NEW YORK (Legal Newsline) - New York Attorney General Eric Schneiderman announced a $13.4 million settlement on Wednesday with New York Downtown Hospital to resolve allegations of Medicaid fraud.

New York Downtown Hospital allegedly received illegal payments on claims for alcohol treatment and unlicensed inpatient drug treatment as well as care rendered to patients who were referred unlawfully. The hospital also allegedly conspired with a for-profit out-of-state vendor of purported administrative services to send false claims to Medicaid.

Under the terms of the settlement, the hospital will return more than $12.6 million to the Medicaid program and $800,000 to the federal Medicare program.
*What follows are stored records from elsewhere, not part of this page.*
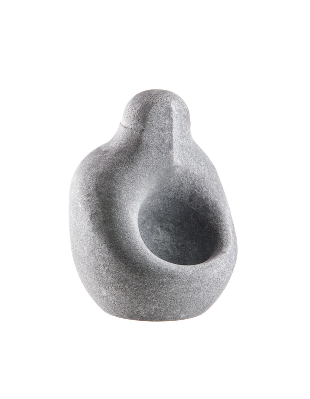 - Die Dufttasse aus Speckstein wird in die Mitte der Saunasteine plaziert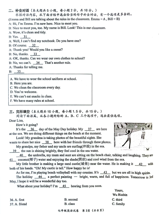 2024-2025學年廣西玉林容縣七年級下學期英語期末真題(圖片版)(3)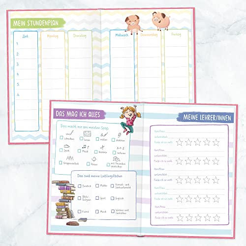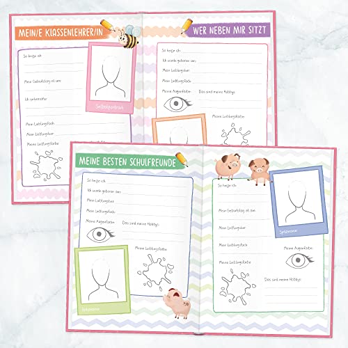 BUNT, FRÖHLICH, VIELSEITIG – Kindgerechtes Design mit viel Liebe zum Detail, originelle Fragen und Ausfüllfelder: Steckbrief , Schulfreundinnen und -freunde, Pausenspiele, Berufswunsch – und viele weitere schöne Erinnerungen!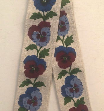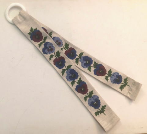 パンジーがハンドプリントされたトレイハンガーです。綿麻製

New York Downtown Hospital allegedly entered into an illegal patient referral scheme with SpecialCare Hospital Management Corp., an out-of-state vendor, that was disguised as an agreement for administrative services. Schneiderman alleged that the hospital paid SpecialCare a $38,500 monthly fee in exchange for referring Medicaid patients to its unlicensed unit for inpatient detoxification. Referring Medicaid patients for a fee is a violation of state and federal anti-kickback laws as well as Medicaid regulations.

Additionally, state law requires that a hospital obtain an operating certificate from the New York Office of Alcohol and Substance Abuse Services before it can operate a discrete unit to provide chemical dependency services or treatment. A facility can also meet state requirements by holding itself out to the public in a manner indicating chemical dependency program, treatment or service availability.

Schneiderman also alleged that New York Downtown Hospital marketed and provided the services for inpatient detoxification despite not having an operating license to do so, representing a violation of state and federal anti-kickback laws through SpecialCare's referral of patients to the hospital for its New Vision program in exchange for a fee. Schneiderman's lawsuit alleged that the inpatient detoxification services the hospital provided failed to meet professionally recognized standards of care and were not medically necessary.

Whistleblowers Matthew I. Gelfand and Enrico Montaperto initially filed complaints under New York's False Claims Act, which authorizes people who have uncovered fraud against the state to file claims on its behalf. Schneiderman's Medicaid Fraud Control Unit and the United States Attorney's Office of False Claims Act followed up on the matter after the whistleblower lawsuit was filed. The two offices worked together to look into the matter and litigate the cases.